Structured English (SE; Raz 1987; not to be confused with Structured English used for pseudocode) is an extension of a subset of the English language and an enhancement of the initial ERROL. In SE several "syntactic sugar" elements of ERROL have been made more flexible, and further flexibility with word usage and sentence structure has been introduced, to get it closer to NL. However, the original correspondence between NL and respective ERROL basic constructs has been preserved. In what follows no distinction is made between ERROL and SE.

Highlights

The navigation hypertree with correct RRA interpretation (respective RRA operator substitution for any ERROL construct type) provides all the semantics needed to define accurately an ERROL (SE) expression (see examples in Raz 1987). A navigation hypertree has one-to-one correspondence with a skeleton expression of ERROL, a canonical form that describes the navigation hypertree only by Entitys, Relationships, and Attributes, together with Constants, Aggregate functions, Logical connectives, Arithmetic operations, and Comparison operators.
An ERROL expression has one navigation hypertree, but typically several navigation hypertrees exist (for different ways of NL phrasing) that provide the same result, by navigating in the ER Diagram through same elements in different ways (e.g., in different directions, in different orders).
Scope of an aggregate function is determined by parantheses when the intended scope is not properly determined by the defaults. Any ERROL subexpression can be aggregated by inserting aggregation function name and parentheses in the right place.
Decomposition: A long NL specification can be broken into several simpler sentences. Correspondingly a respective ERROL expression can be replaced by a set of respective simple expressions separated by delimiters, (e.g., " ; "), which is equivalent to the original expression (see example below).
Reference or correlation: Often it is required that entities can be referenced properly in a sentence or across sentences. In NL it is done by using expressions like "his", "the above", "the second above", etc. In ERROL it is done as well, primarily by reference (correlation) symbols like (x), attached to entity name repetitions in an expression, and by some supported, or ad-hoc defined per a given schema, English constructs. All entity name repetitions marked with (x) are the same entity occurrence in the database for any instance for which the query predicate is true (see examples below).
Assignment and Substitution: An ERROL subexpression can be named using assignment and be utilized in a long expression by its name (see example below). In particular entities and relationships can be defined and utilized.
Reserved words: Errol has a set of reserved words, for example, for commands (e.g., "get") and logic operators (e.g., "or").
Transitive closure. This feature enhances the expression and computing power of ERROL considerably. It is done by allowing to define (and name) relationships which are the transitive closure of existing reflexive relationships (i.e., between an entity to itself, e.g., EMPLOYEE MANAGES EMPLOYEE: A manager can be direct, or several levels above) either already appearing in the database, or defined by an ERROL expression.
An interactive graphical interface (Graphical ERROL) can be built in a straightforward way to construct the navigation hypertree (and corresponding ERROL expression; the ERROL system can already reconstruct an NL expression from an RRA expression using the system's dictionary) by picking up elements from the ER Diagram, and other needed elements (logical, comparison, constants, etc.). Such component has not been implemented within the framework of the ERROL System project described below (see the Brief history section below).
SE can be replaced by a respective subset of any other Natural language (e.g., French, Hebrew, etc.) with basic syntactic constructs that have semantics similar to the English constructs used for SE. Skeleton expression translations require only names' translations, and language fonts replacement when needed. Such components have not been implemented within the framework of the ERROL System project described below (see the Brief history section below).

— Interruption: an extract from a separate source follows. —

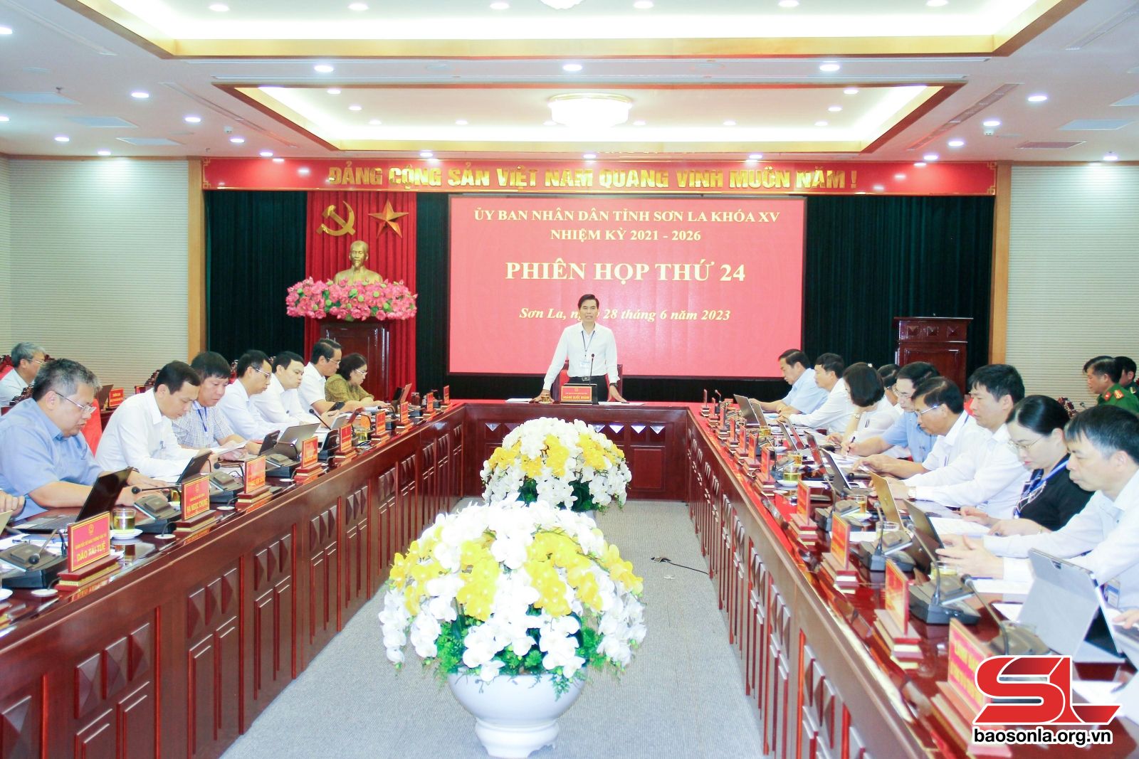 Phát biểu tại phiên họp, đồng chí Chủ tịch UBND tỉnh yêu cầu các sở, ban, ngành, UBND các huyện, thành phố nghiêm túc đánh giá, phân tích các nguyên nhân của hạn chế, tồn tại để có các giải pháp hiệu quả. Tập trung thực hiện các kết luận, chỉ đạo của Ban Chấp hành Đảng bộ, Ban Thường vụ Tỉnh ủy về các nhiệm vụ sơ kết giữa nhiệm kỳ thực hiện Nghị quyết đại hội Đảng bộ tỉnh lần thứ XV, nhiệm kỳ 2020-2025. Quyết liệt hơn nữa trong quản lý, điều hành và tổ chức triển khai thực hiện đồng bộ, hiệu quả các giải pháp tháo gỡ và đẩy mạnh giải ngân vốn đầu tư công, phát triển sản xuất bền vững, đẩy mạnh thu hút đầu tư để thúc đẩy tăng trưởng. Đẩy mạnh phát triển sản xuất, kinh doanh, nâng cao năng suất, hiệu quả và sức cạnh tranh của các ngành, lĩnh vực, sản phẩm. Phát triển kinh tế đi đôi với bảo đảm an sinh xã hội, phúc lợi xã hội, phát triển toàn diện các lĩnh vực văn hóa - xã hội. Quản lý và sử dụng hiệu quả tài nguyên; tăng cường bảo vệ môi trường và ứng phó với biến đổi khí hậu. Đẩy mạnh công tác phòng, chống tham nhũng, thực hành tiết kiệm, chống lãng phí.

The linguistic aspect of the Entity relationship model, and the way it is utilized by ERROL for navigation in an ER Diagram is demonstrated by the following example:

Example

Assume an ER diagram for a relational database of employees, with EMPLOYEE entity (as defined in ERM) and MANAGE relationship between two employees.

EMPLOYEE(id, salary) is the database relation for the entity EMPLOYEE

MANAGE(id1, id2) is the relation for the relationship MANAGE: employee with id1 manages employee with id2.

Consider the following query:

"Find the employees that earn more than their manager."

The following equivalent (in result; some also in navigation hypertree) ERROL queries provide a correct solution:

Get employees that earn more than their manager

Get employee that earns more than his manager

Get EMPLOYEE that EARNS more than his MANAGER

Get id of EMPLOYEE that has salary greater than that of his MANAGING EMPLOYEE

Get EMPLOYEE(x) having salary > salary of EMPLOYEE that MANAGES EMPLOYEE(x)

Get id of EMPLOYEE(x) MANAGED by EMPLOYEE having salary < salary of EMPLOYEE(x)

Get id EMPLOYEE(x) salary > salary EMPLOYEE MANAGE EMPLOYEE(x) ("Skeleton query")

Get EMPLOYEE(x) WHERE EMPLOYEE(x) is MANAGED by EMPLOYEE(y) AND has salary> salary of EMPLOYEE(y)

Get EMPLOYEE(x); EMPLOYEE(y) MANAGE EMPLOYEE(x); salary EMPLOYEE(x)>salary EMPLOYEE(y) (delimited expressions are connected by logical conjunction (AND) )

E1:= salary of EMPLOYEE(x) > salary of EMPLOYEE(y); Get EMPLOYEE(x) WHERE E1 AND E2; E2:= EMPLOYEE(x) is MANAGED by EMPLOYEE(y) (substitution; assignment location in expression does not matter)

Comments:

The equivalent ERROL examples above become unnecessarily more and more complex just to demonstrate ERROL's constructs, which allow to conveniently handle queries with very complex specifications.

Many more equivalent query variations are possible.

The symbols x, y in the examples above are used for reference, correlation: All entity name repetitions marked with (x) are the same entity occurrence in the database for any instance for which the query predicate is true.

Capital letters are used here for convenience only to emphasize entities, relationships, and certain reserved words; ERROL is not case sensitive.

Compare expression complexity: write this query in SQL; All SQL expressions for this query are relatively complex and long.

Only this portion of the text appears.